I was in third grade. Our group of 8-9 year olds arrived about 4 pm that early summer's day. It was just the beginning of our 24-hour stay in the beautiful wooded campsite. It was located on a few acres of land that had been donated by a nearby dairy farm.



That was the first camping trip for most of us. It was certainly the first time to have such a daring experience without our parents. So exciting and a little scary!

A couple of minutes after our school bus entered the gates of the campground, the twelve (or so) of us were startled by a high-pitched animal sound. My best description for it is a combination of a crow cawing and a rooster crowing. We were informed that we'd be sharing the area with wild peacocks.



Peacocks? Fantastic! But we weren't so thrilled about the rattlesnakes that might be there.
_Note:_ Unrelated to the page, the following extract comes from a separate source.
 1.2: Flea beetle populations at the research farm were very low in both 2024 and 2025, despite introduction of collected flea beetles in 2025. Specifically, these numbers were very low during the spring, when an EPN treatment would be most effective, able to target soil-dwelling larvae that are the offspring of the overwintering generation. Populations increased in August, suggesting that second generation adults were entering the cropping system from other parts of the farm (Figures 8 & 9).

Those were common in New Mexico.

After we unloaded our gear, our fearless camp guide gave us a tour of the grounds. Her detailed narration was punctuated ever so often by the screeching birds (that sound continued to make us jumpy for the first hour or so).

We little scouts were in awe of our surroundings! We spotted a pea hen sitting on her nest in a secluded spot. Acorns were everywhere. The scents of pine trees and cow manure. A peacock even strutted by us, in all his green, indigo and turquoise glory.
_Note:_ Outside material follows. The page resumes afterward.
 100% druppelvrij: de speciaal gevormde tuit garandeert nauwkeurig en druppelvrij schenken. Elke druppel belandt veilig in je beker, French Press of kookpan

We had mixed feelings about the lovely latrines. But we knew they were better than risking poison ivy on our bums!

At one point in the tour, we stopped for a short break. Our leader said we could explore, but only within certain perimeters. We had to stay with our partner too, because we were on the "buddy system".
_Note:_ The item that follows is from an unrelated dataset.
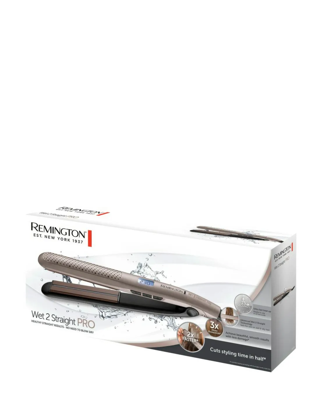 Want to create your style faster? The Wet 2 Straight Pro Straightener has Advanced Wet 2 Straight Technology that lets you straighten your hair dry. With the Exclusive Venting System quickly removes excess water meaning you can skip the step of blow-drying and cut your styling time in half. The Moisture Sensor lets you straighten your hair at the optimum temperature with 3x More Protection, for healthy-looking, straight results. The Wet 2 Straight Pro Straightener features Advanced Wet 2 Straight Technology. Combining an Exclusive Venting System and a Moisture Sensor, you can create your go-to style quickly, at the optimum temperature. Quickly removing and evaporating excess water with every stroke and releasing it through the outer housing surrounding the plate, this dries your hair whilst you straighten, Cutting Styling Time in Half. Selecting Wet Mode activates the straightener to be used on damp hair, meaning you can shower, towel dry, then straighten. Alternatively, you can choose Dry Mode on those non hair wash days to use as a standard straightener.

My cohort and I were just exploring near some bushes. Suddenly we saw something move! It was on the ground, under the shrub. It looked right at us and jumped toward us! Then it vanished. We both screamed and ran to the adults. The conversation went something like this:

"There was something in those bushes!" Camp-Buddy and I were stifling sobs. We were truly petrified.
"What did you see? Calm down a little. Can you describe it?"
I think it was HUGE snake! It's head was this big!!" (Little hands guesstimated the size.)
"It was brown and it had stripes on its head!"
The grown-ups seemed concerned. They looked around the area but didn't find anything. After they asked us a few more questions, the campground employee said "It was probably a badger."

When I was nine, I was familiar with some typical forest creatures, but not badgers. So my imagination was in overactive mode the rest of the day and into the night.
The cracking of a twig underfoot, the rustling of leaves from a sudden breeze, anything and everything unnerved me. That mystery monster was certainly nearby, ready to bite, strangle or at least jump on me or one of my friends!

Thankfully, I still managed to have some fun during my first wilderness expedition. I also learned some valuable skills and facts.
Most importantly, now I understand why peacocks make that loud, unsettling noise. It's the voice of sheer terror! You'd screech too if you had to live near rare humongous snakes, that had heads as big as raccoons!